Fue entonces que el Shérif quiso hacer justicia, y blandiendo el rebenque de cabo de plata repujado con una lonja cruda de cuero de toro bravo,  la descargó sobre la espalda del G.P. Sin piedad. Una, dos, tres, diez veces, implacable, castigó el cuerpo del cobarde rebelde que apenas atinó a defenderse, sorprendido por el ataque furibundo del valiente Shérif.
Cuando R.J. se cansó de golpearlo, ordenó al G.P. que se levantara, recogiera sus cosas y se marchara. Y nunca más pusiera su sucia bota en el reino de los ceibos en flor.
El rey escuchó los gritos desde el palacio y salió a ver qué pasaba.
Mordiéndose de dolor el G.P. reclamó la paga de lo que se le debía por los días trabajados.
"Tomá y conformate  con esto. La avaricia es uno de los pecados capitales" le dijo el rey manoteando unos billetes arrugados de su bolsa donde tintineaban las monedas de oro del reino.
"Y ojito con denunciar esto a la policía" fue lo último que escuchó el G.P.
La espalda le ardía como si tuviera cien carbones encendidos sobre la piel. Juntó las pocas pilchas y otras pertenencias que tenía,  montó en la bicicleta y puso rumbo al pueblo donde vivía junto a su mujer.

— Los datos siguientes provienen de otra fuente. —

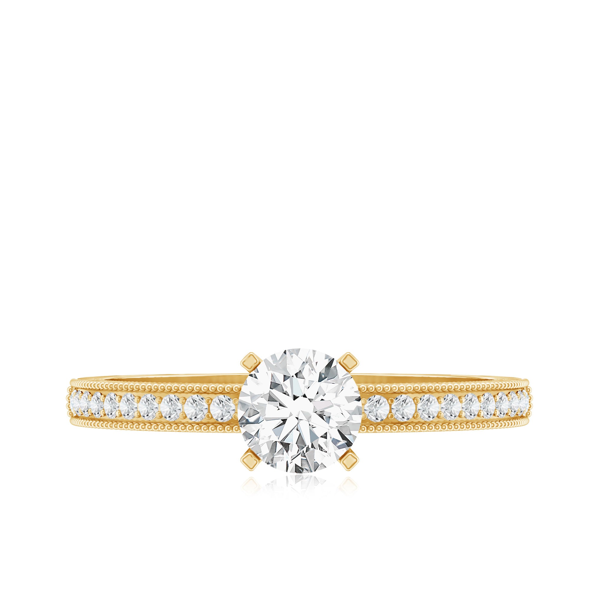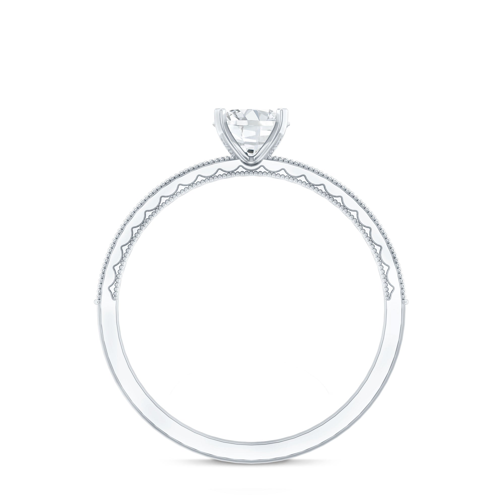 Pledge your commitment with this elegant Lab Grown Diamond Ring that is sure to take her breath away. At the center is the 5 MM Round Shaped Lab Grown Diamond in Square Prong Setting. Adding extra sparkle to the shank the Diamond accents shimmer brightly. The beaded details on the edges of the shank have a glamorous vintage style design that makes it perfect for the one who loves unique and timeless details. This scintillating Diamond Promise Ring adds a touch of color to any look. As a timeless elegance and embodying joy, this Promise Engagement Ring is perfect as an April birthday present or as a commitment ring that says it all.

Ella le aplicó paños de agua fría sobre las rojas marcas que ardían sobre la piel del infiel y rebelde G.P. Luego, taimadamente,  la mujer sacó fotos  de la machacada espalda de su marido y le dijo sibilinamente. "Esto tenés que denunciarlo".

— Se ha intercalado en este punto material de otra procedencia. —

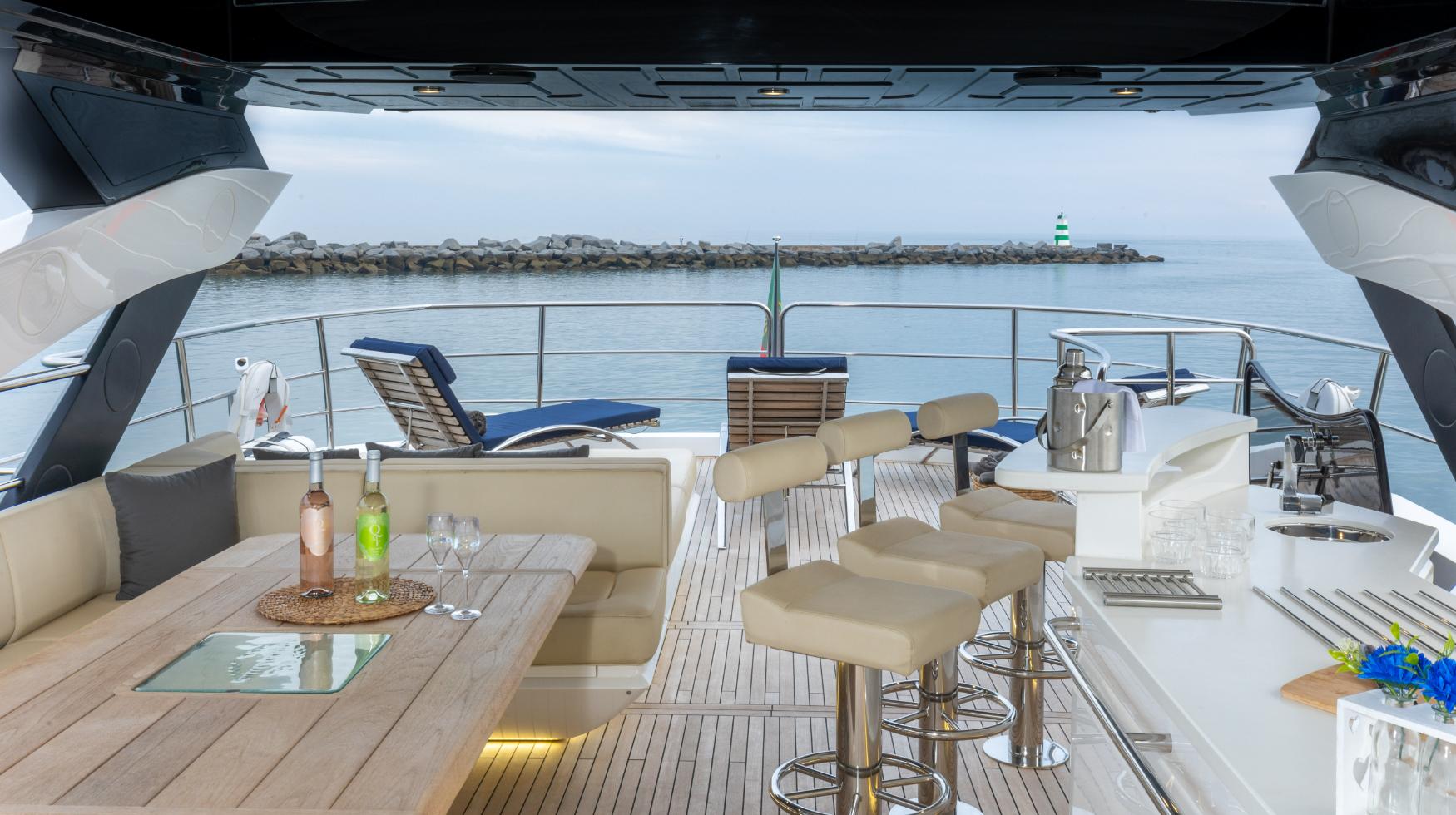 Delivered in 2015, STARDUST OF MARY was refitted in 2020 and 2023, and features a spacious open-plan interior with four luxurious ensuite staterooms. Her expansive outdoor living areas include an alfresco dining area on the main deck aft, a triple sunpad in the bow plus a fabulous lounge and bar up on the flybridge.

El hombre pensó que no era necesario, había reclamado inútilmente, había perdido la partida, pero no quería implicar a la policía.   Sin embargo su mujer, villanamente como la mayoría de ellas, se dirigió a Robin Jud con las fotos, y el pobre rey Arturo y su Shérif están ahora investigados por la justicia terrenal de los Dragones.
Habrá injusticia más grande en este mundo?